PROBLEM: Write out nothing but the lines from the one containing "6月1日和5日下午14:00,在长安校区管理学院214报告厅,清洁生产杂志(Journal of Cleaner" through the last line below, both included, and without the pictures.

GIVEN MATERIAL:
[Start of Attachment]

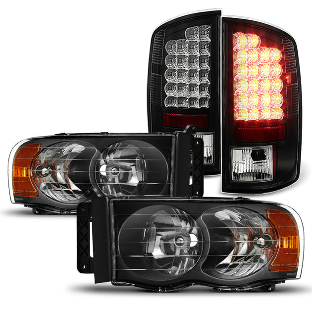 AKKON - Fits 2002 2003 2004 2005 Dodge Ram 1500/ 2500/ 3500 Pickup Black Headlights + Blk Tail Brake Lamp Pair Left+Right
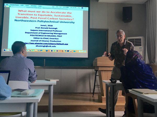6月1日和5日下午14:00,在长安校区管理学院214报告厅,清洁生产杂志(Journal of Cleaner Production)前主编、美国田纳西大学Donald Huisingh教授为我院师生做了两场精彩的系列讲座。报告会由邵婧副教授主持,我院研究生、留学生50余人参加了讲座。
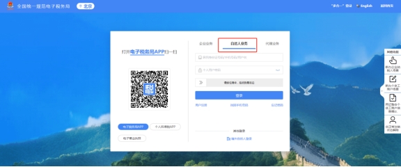 選擇自然人業務,輸入用戶名、密碼,點擊登錄。
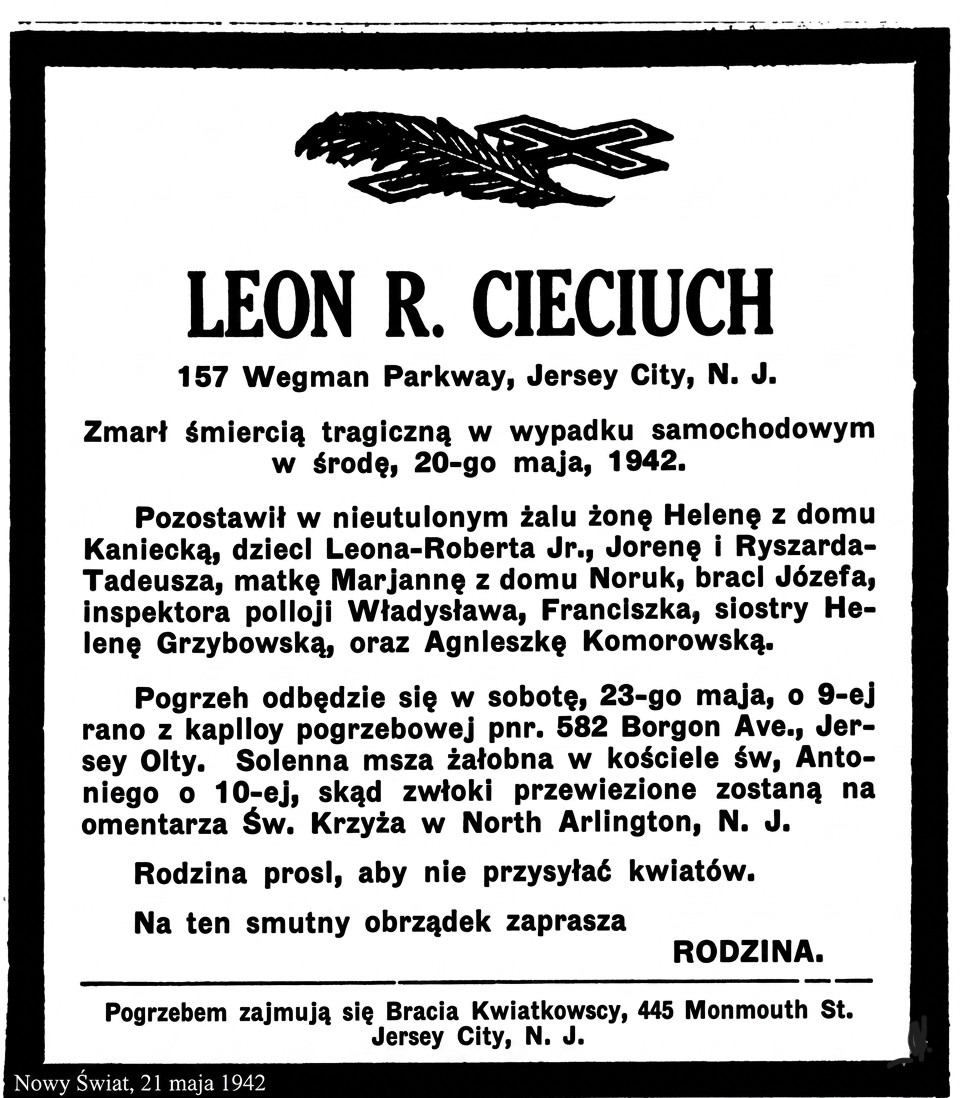 Leon Cieciuch, dyrektor polskiego oddziału WHOM w Jersey City i spiker radiowy z 15-letnim doświadczeniem, zginął tragicznie 20 maja 1942 r. w wypadku samochodowym w pobliżu lotniska Newark. Doszło tam do czołowego zderzenia z ciężarówką, w wyniku którego poniósł śmierć na miejscu.

[End of Attachment]

ANSWER TO THIS EXERCISE:
6月1日和5日下午14:00,在长安校区管理学院214报告厅,清洁生产杂志(Journal of Cleaner Production)前主编、美国田纳西大学Donald Huisingh教授为我院师生做了两场精彩的系列讲座。报告会由邵婧副教授主持,我院研究生、留学生50余人参加了讲座。
 選擇自然人業務,輸入用戶名、密碼,點擊登錄。
 Leon Cieciuch, dyrektor polskiego oddziału WHOM w Jersey City i spiker radiowy z 15-letnim doświadczeniem, zginął tragicznie 20 maja 1942 r. w wypadku samochodowym w pobliżu lotniska Newark. Doszło tam do czołowego zderzenia z ciężarówką, w wyniku którego poniósł śmierć na miejscu.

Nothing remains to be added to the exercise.